# Completely new looking for a polisher.



## Robhullfury (Feb 20, 2013)

Hi, I've been a viewer of the forum for a few years on and off, never really taking the plunge or having time to do anything with my car (2 young kids who don't let you do much).

I've got an insignia I'm looking to sell to by a t5/6. Im just after tidying the insignia up to private sell and have a few surface scratches and dull bits I was looking to clean up. The cars immaculate apart from these bits so it kinda let's it down.

I'm not looking to spend mega money but would like to ask for opinions on a polisher, that would help me tidy my current car up and last me long enough to start cleaning up my future T5/6. I also have a caravan which I was going to have a go at cleaning up (white paint not plastic.

The ones on Amazon seem to get good reviews and since I've never used a polisher I thought an easy start would be one of these types..
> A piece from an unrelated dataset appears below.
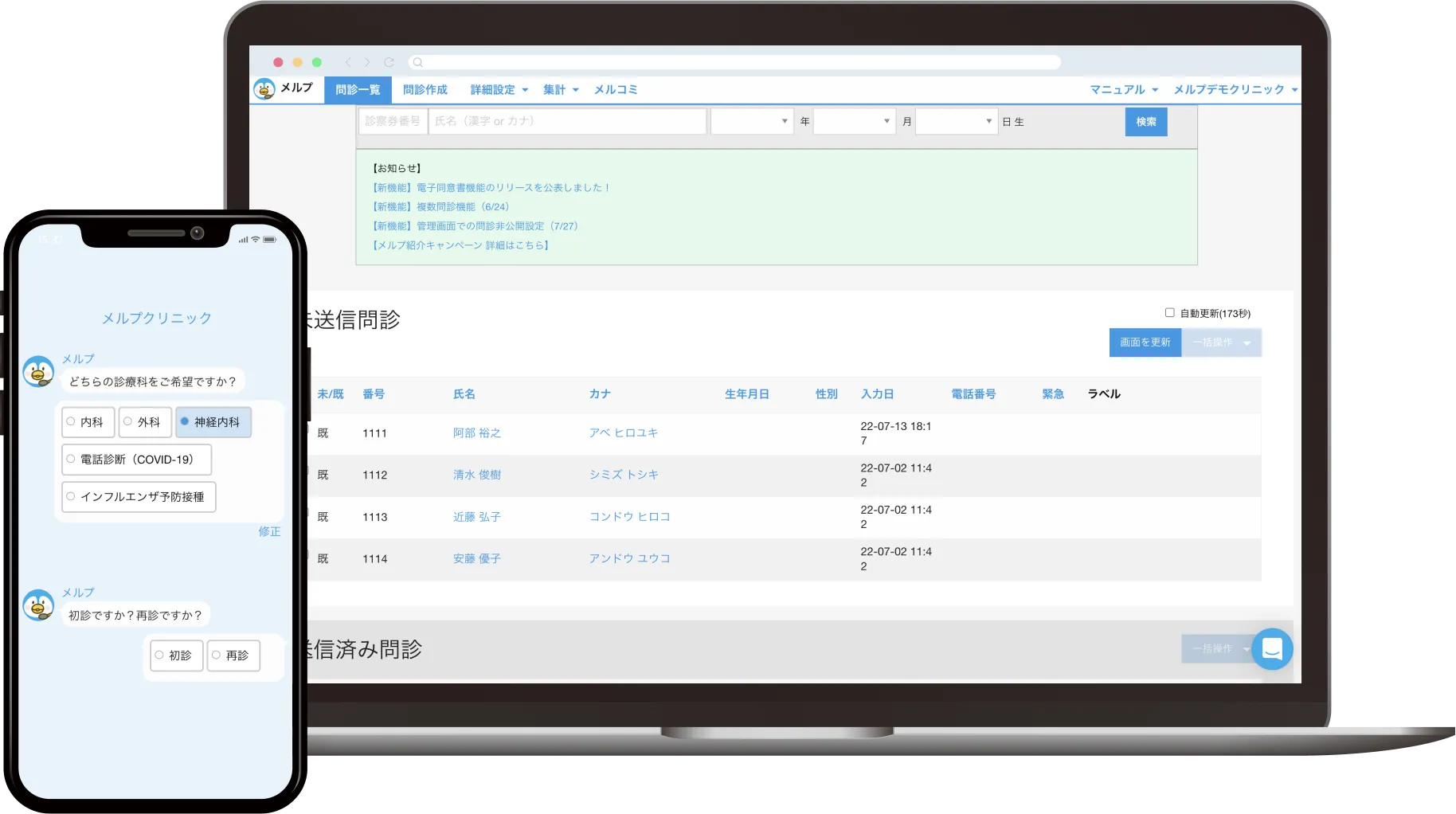 ユーザー満足度99%以上を獲得メルプWEB問診が

https://www.amazon.co.uk/dp/B07XSKKTS9/ref=cm_sw_r_cp_apa_i_QvBDFbR1YN0PV

I realise it's a budget and not one the pros use but anything like this anygood? Pads and polish reconnections would be great. The insignia is a grey/dark blue colour if that influences the polish type

Thanks for any advice for such an open ended question

Rob


----------



## BrummyPete (Jun 10, 2010)

Not a bad polisher and its all about the pads and compounds you use that gets the results although i would be tempted to spend a little extra and get a DAS6, I have the slims detailing basic one and its perfect for a novice although sometimes I do wish it was a bit more powerful but I persevere with a couple more passes


----------



## Robhullfury (Feb 20, 2013)

Cool, thanks for the reply. I'll get shopping I guess.


----------



## BrummyPete (Jun 10, 2010)

Take your time and look through some of the reviews regarding polishes and machines, sometimes polishers come on here for sale at reasonable prices


----------



## AndyN01 (Feb 16, 2016)

Doing a search on here will give loads of hits. And yes, definitely worth looking for a used one to start with.
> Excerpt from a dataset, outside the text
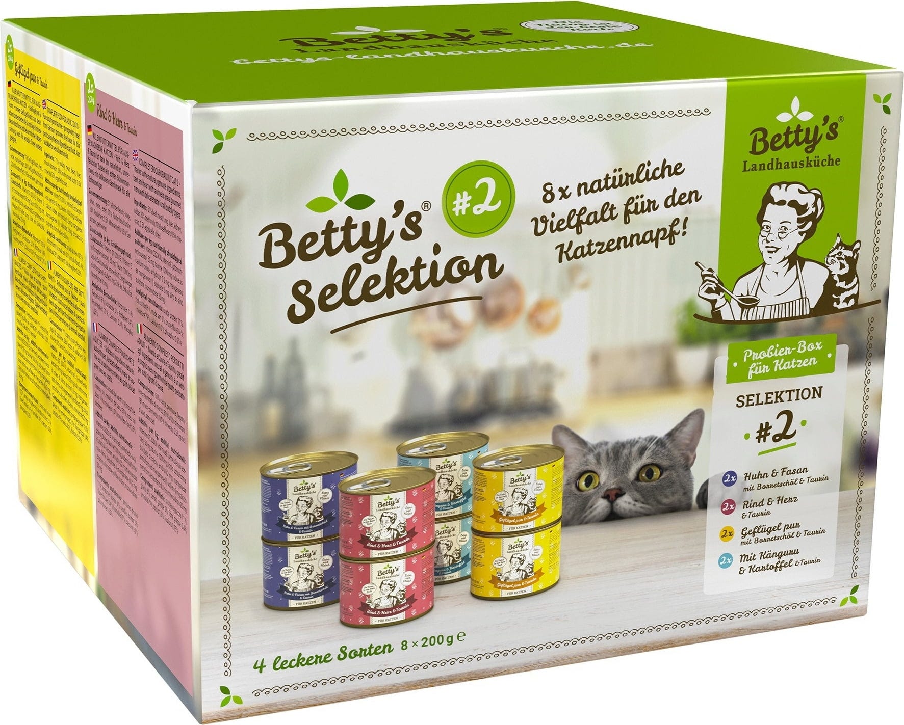 Je čas na mňoukání – ke misce se prosím dostavte! V tomto zkušebním boxu Betty’s Landhausküche najdete 4 různé konzervy s neodolatelnými příchutěmi pro kočičí gurmány:

Here's a thread (amongst many others) that is worth a read.

https://www.detailingworld.co.uk/forum/showthread.php?t=414858

Good Luck whatever you choose to buy.

Andy.


----------



## BRUN (May 13, 2006)

whatever you buy, you will likely still be using it years from now, id up your budget a bit as the detailing bug will bite and before you know it your shed is rammed with products lol

im still using a Porter Cable that i imported from America 10-15 years ago, never missed a beat

you dont have to go mad but you can get some kits for £120 with products and pads included


----------



## LeeH (Jan 29, 2006)

BRUN said:


> whatever you buy, you will likely still be using it years from now, id up your budget a bit as the detailing bug will bite and before you know it your shed is rammed with products lol
> 
> im still using a Porter Cable that i imported from America 10-15 years ago, never missed a beat
> 
> you dont have to go mad but you can get some kits for £120 with products and pads included


Old School!

From Autopia

Sent from my iPhone using Tapatalk Pro


----------



## Blanco92 (Oct 17, 2013)

If I was going for a cheapy polisher, I'd try a "Vonhaus" branded tool (there's one on Amazon at £70). I suggest this because I've a few cheap Vonhaus tools for use around the home and they all seem good value for their low price point. The one I saw seems to come with all the accessories you would need, a 2yr warranty and the cheap price means you could put that money to other polish and pad combos.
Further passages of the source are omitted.